Qué es una prostituta

El oficio más antiguo del mundo no ha variado mucho a lo largo de los años en sus servicios y actividad, aunque sí lo ha hecho en la evolución de su consideración social. Básicamente, una prostituta es aquella mujer que ofrece servicios sexuales a cambio de una remuneración. Por lo general, cada servicio específico tendrá un precio estipulado que puede variar y hay que pactar y dejar claro antes de ejecutarse.

escorts

Las prostitutas trabajan de muy distintas formas y pueden encontrarse en ambientes diversos. hay rangos y niveles de lujo. Algunas desarrollan su actividad de forma independiente, mostrando su cuerpo en diferentes lugares donde dejarse ver y atraer a los posibles clientes.
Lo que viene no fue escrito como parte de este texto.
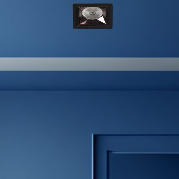 Aluminium die cast powder coated black finish 5 watt anti LED Linear down light with Bridgelux COB and Fulham or equivalent LED driver. Used in ultra modern spaces.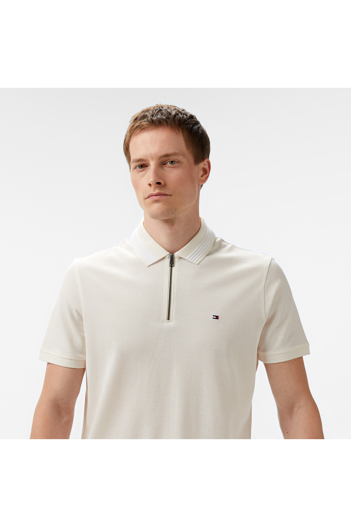 خرید اینترنتی تیشرت یقه گرد کرم مردانه Mercerised Pique برند تامی هیلفیگر Tommy Hilfiger اورجینال از Occasion نمایندگی ترکیه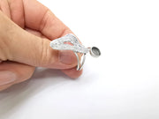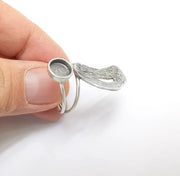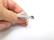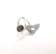 Silver Ring Setting, Cabochon Blank, Resin Bezel, Round Ring Mounting, Epoxy Frame Base, Adjustable Antique Silver Plated Brass 8mm G35247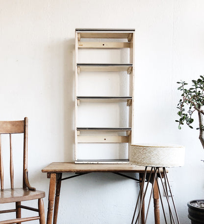 Such a great find! Wooden shelf painted creamy warm white. Original early mid century linoleum shelf surfaces in various fun patterns. Chrome shelf lips. Braces for hanging.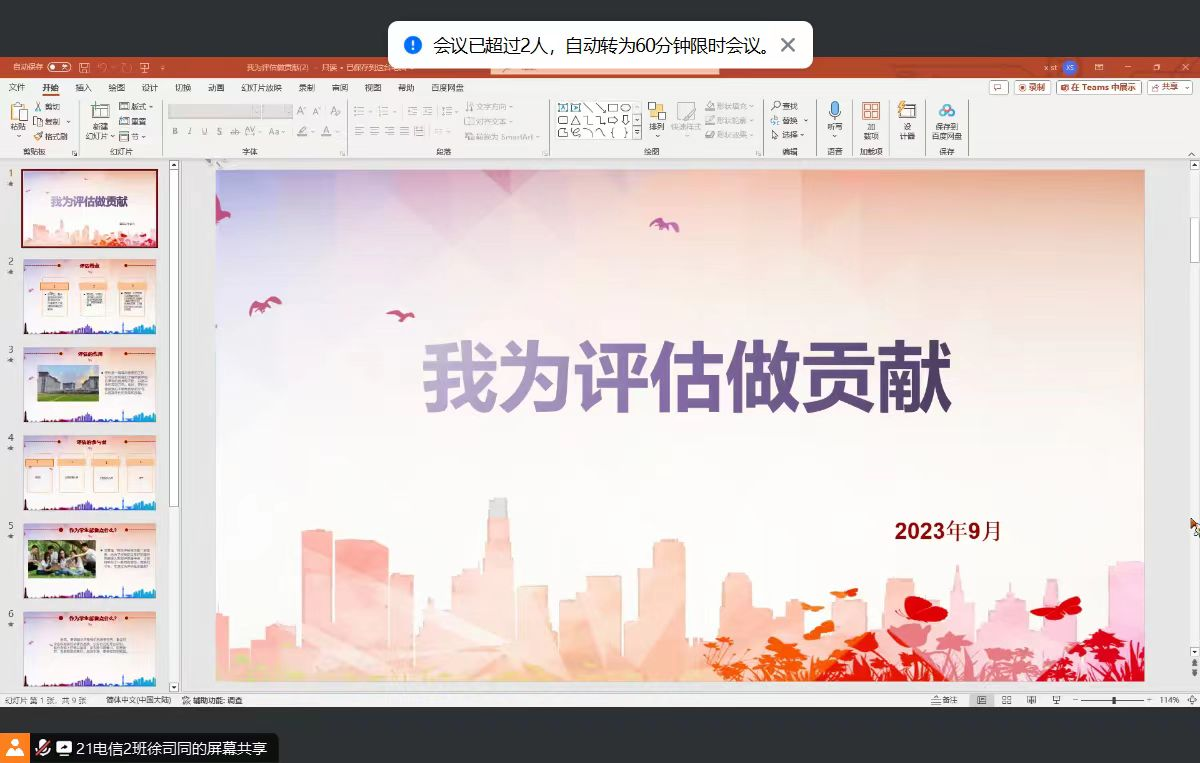智电学院于9月24日晚在线上召开了以“我为评估做贡献”为主题的班会。辅导员主持了班会,全体同学参会。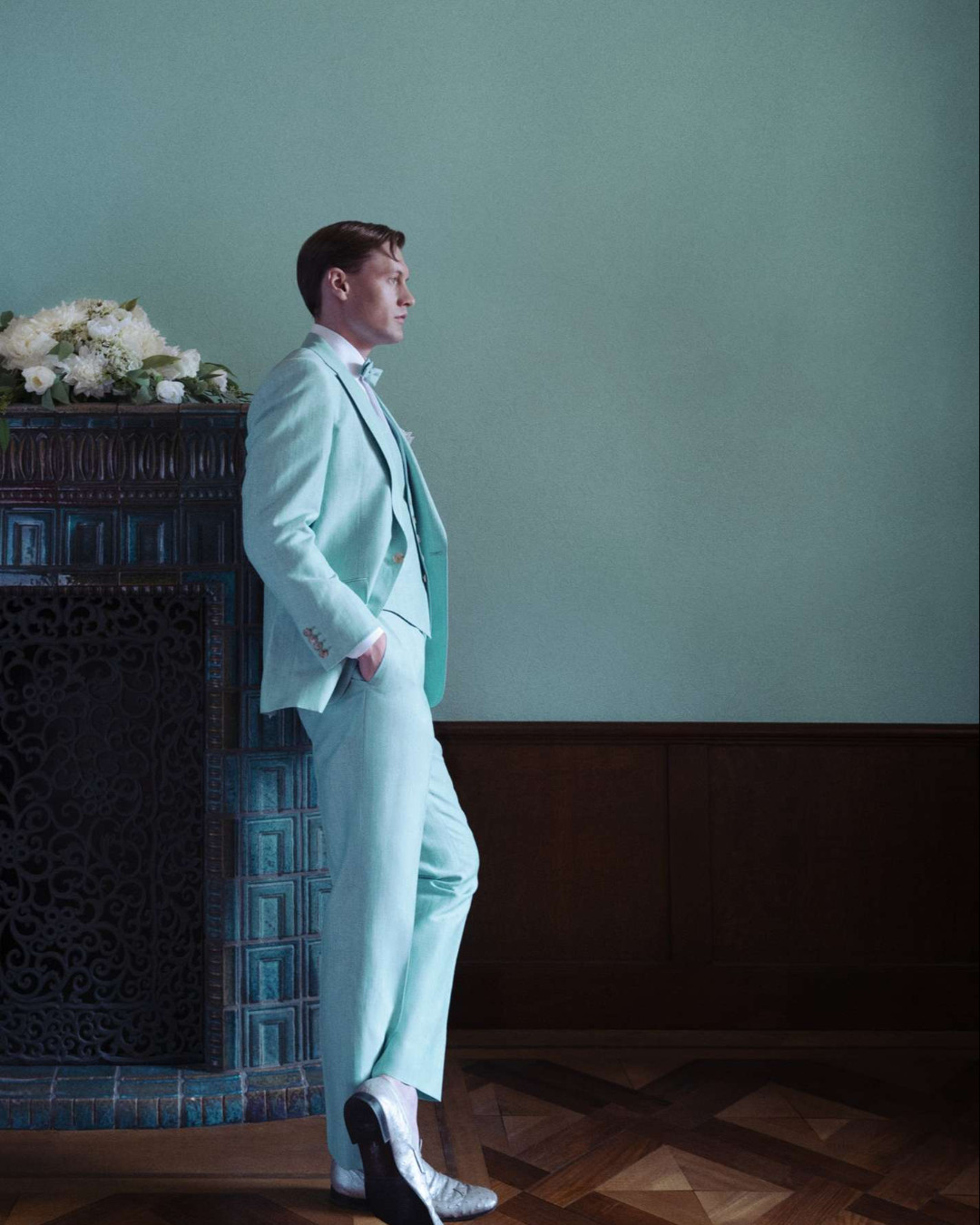 祝福と喝采に満ちた一日。晴れの日にふさわしい、清涼感溢れるスペアミントブルーのリネンで仕立てた逸着は、初夏の陽光をやわらかく受け止め、祝宴にふさわしい華やぎを宿します。

Otras prefieren la seguridad y mayor estabilidad que les proporciona trabajar para una agencia o burdel, a los que los clientes interesados pueden dirigirse directamente.

Qué es una escort

Por el contrario, una escort es una dama de compañía que ofrece sus servicios como acompañante en distintas situaciones, desde citas informales hasta eventos de categoría. Por lo general, el valor de su servicio se encuentra en su buena imagen, elegancia y saber estar. A menudo es una mujer con cultura y buena conversación. El sexo no está necesariamente requerido ni incluido en sus servicios, ni se insinúa a los hombres al ser presentada.

Al igual que las prostitutas, las damas de compañía también se pueden encontrar en agencias de escorts en Madrid especializadas, donde se ofrecen una amplio abanico de mujeres de diferentes tipos y perfiles. Los precios de sus servicios también variarán según su duración y tipología, ya que los honorarios no serán los mismos para una chica que vaya al cine y a cenar con un cliente que para la que lo acompañe a un evento de prestigio donde hay que invertir en el atuendo adecuado y hacer gala de una elegancia y saber estar menos frecuentes.